● TASK TO COMPLETE:
Print exactly the lines from the one that contains "Το περιοδικό FULL" through the last line of the material, both included, and leave out all pictures.

THE DATA section start

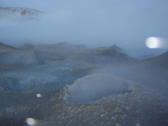 Am letzten Tag dann die haerteste Uebung: Aufstehen um 4 Uhr morgens in kompletter Dunkelheit! Eine Stunde spaeter, als es gerade hell wurde, bekamen wir dann sprudelnde und rauchende Geysire zu sehen. Allerdings erlebte ich an diesem Morgen den Winter, den ich dieses Jahr in Deutschland verpasse. Laut Fuehrer geschaetzte -5 bis -8 Grad. Und das ganze ohne jede warme Jacke! Ringsum lag uebrigens auch schon kraeftig Schnee. Wir waren auf 4870 Metern angekommen.
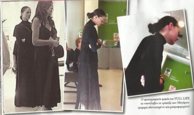 Το περιοδικό FULL LIFE την απαθανάτισε τον περασμένο Φεβρουάριο να φοράει μαύρα, να έχει κατάμαυρα μαλλιά και λιτό ντύσιμο, περιμένοντας στην ουρά σε κατάστημα της Αγίας Παρασκευής όπου πηγαίνει για να τυπώσει τα σχέδια στα κεντήματά της.
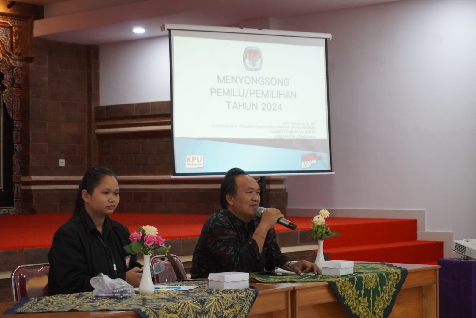 #TemanPemilih – Selasa (9/8). Kali ini KPU Jembrana melaksanakan sosialisasi ke Universitas Triatma Mulya yang sedang menjalankan kegiatan pada Masa Pengenalan Kehidupan Kampus Mahasiswa (PKKMB). Sebagai Anggota KPU Jembrana yang membidangi Divisi Sosdiklih,Parmas dan SDM Made Widiastra mengajak mahasiswa-mahasiswi sebagai generasi muda melineal ikut membangun demokrasi yang lebih baik.

THE DATA section end

● COMPLETED TASK:
 Το περιοδικό FULL LIFE την απαθανάτισε τον περασμένο Φεβρουάριο να φοράει μαύρα, να έχει κατάμαυρα μαλλιά και λιτό ντύσιμο, περιμένοντας στην ουρά σε κατάστημα της Αγίας Παρασκευής όπου πηγαίνει για να τυπώσει τα σχέδια στα κεντήματά της.
 #TemanPemilih – Selasa (9/8). Kali ini KPU Jembrana melaksanakan sosialisasi ke Universitas Triatma Mulya yang sedang menjalankan kegiatan pada Masa Pengenalan Kehidupan Kampus Mahasiswa (PKKMB). Sebagai Anggota KPU Jembrana yang membidangi Divisi Sosdiklih,Parmas dan SDM Made Widiastra mengajak mahasiswa-mahasiswi sebagai generasi muda melineal ikut membangun demokrasi yang lebih baik.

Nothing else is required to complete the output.